Google is the biggest search engine in the world. The interface that people use to perform a search on Google is called Google Search. Right now, Google processes over 40 000 search queries every second. This is more than 3.5 billion searches every day.
Undoubtedly, that’s a very impressive number. But how does Google Search work? What happens when you search for something on Google? How does Google choose which results should be displayed to who? This post briefly explains how Google Search works. To keep the post simple, we won’t go into too much technical detail.
Matt Cutts explains Google Search
Even though Matt is no longer working at Google, the information remains accurate to this day – and probably will forever.
This is a short 3-minute video from 2010, but it contains a lot of useful information. Google Search evolves over time and the amount and types of questions Google asks change, but the principles of Google Search remain the same.
Matt touches on the following topics:
Google’s index of the web
Google has a machine (actually a bunch of machines) called Googlebot that scans (or crawls) the web repeatedly to find new or updated content published on websites. It saves any content it finds in Google’s Index. After the content is indexed, Google scans the information Googlebot found.
Google dissects the content in several ways to figure out exactly what it is about, why it exists, and how it can be helpful to searchers. Google also scores the page that contains the content using PageRank. More on PageRank later.
Search engine spiders
As mentioned above, Google has a search engine spider called Googlebot that crawls the web in search of new and updated content. It crawls a page that Google already knows about or a page that you manually added to Googlebot’s crawl list.

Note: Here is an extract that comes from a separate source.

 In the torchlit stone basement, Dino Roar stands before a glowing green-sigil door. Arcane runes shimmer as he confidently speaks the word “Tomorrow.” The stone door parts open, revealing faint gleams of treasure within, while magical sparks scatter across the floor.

Googlebot finds all links on that page (linking to other pages) and schedules those pages to be crawled. In most cases, you don’t need to tell Google about a new page – Googlebot will find the page by following links to it.

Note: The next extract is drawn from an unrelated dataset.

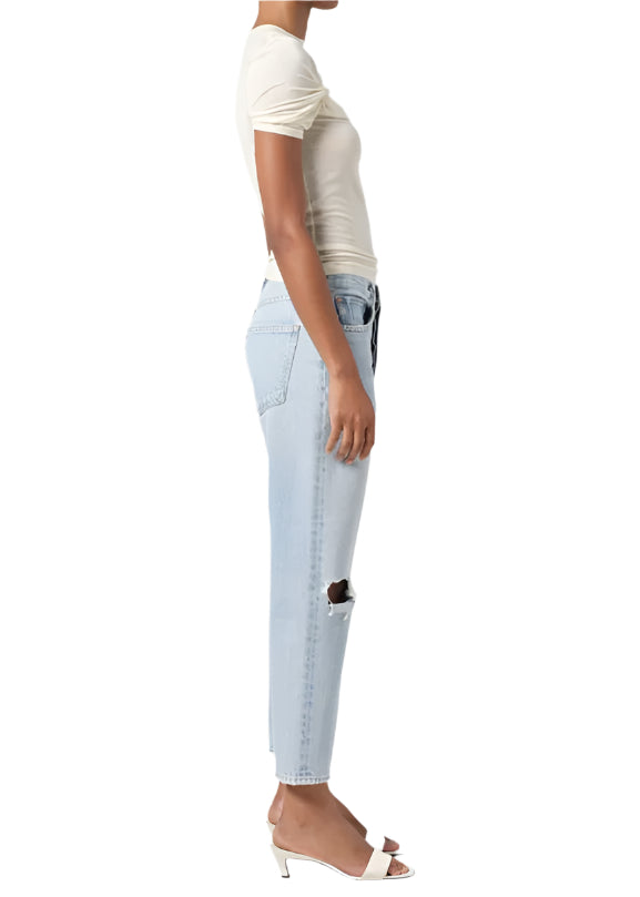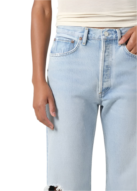 The best-selling 90's Jean but with a cropped inseam. This mid-rise jean is designed to sit relaxed at the waist with an easy fit through the hips into a classic, loose straight leg. Style back to anything and everything. Crafted in Agolde's signature Regenerative Cotton, this pair will only get softer with each wear.

When Google started, crawling, indexing and publishing the index was a long process. Finding fresh content and returning the fresh results in search results literally took several weeks. Today, Google can crawl most of the web several times in a single day. Google has also learned what types of websites have which types of content – and how often it changes.
For example, Google knows that news sites regularly publish new content and archive websites mostly keep content for historical or research purposes. Google also knows that documents (PDFs like WhitePapers, specification sheets, etc.) don’t change too often, but active pages change more frequently.
Google’s questions for Google search results
If you think someone buying a new car has a lot of questions, you haven’t seen the Google Search Engine analysing a web page. Google has a lot of questions, about everything on a page.
Obviously, when you properly markup the content of your web pages, you can help answer a bunch of those questions right off the bat. You can help tell Google what your page is about, and Google can show it to people who are looking for what your page has to offer.
All the specific questions that Google asks when ranking a page isn’t public knowledge. However, some of them are – and it is important to understand them. Knowing some of the questions can help shed some light on the topic. However, that is outside the scope of this post.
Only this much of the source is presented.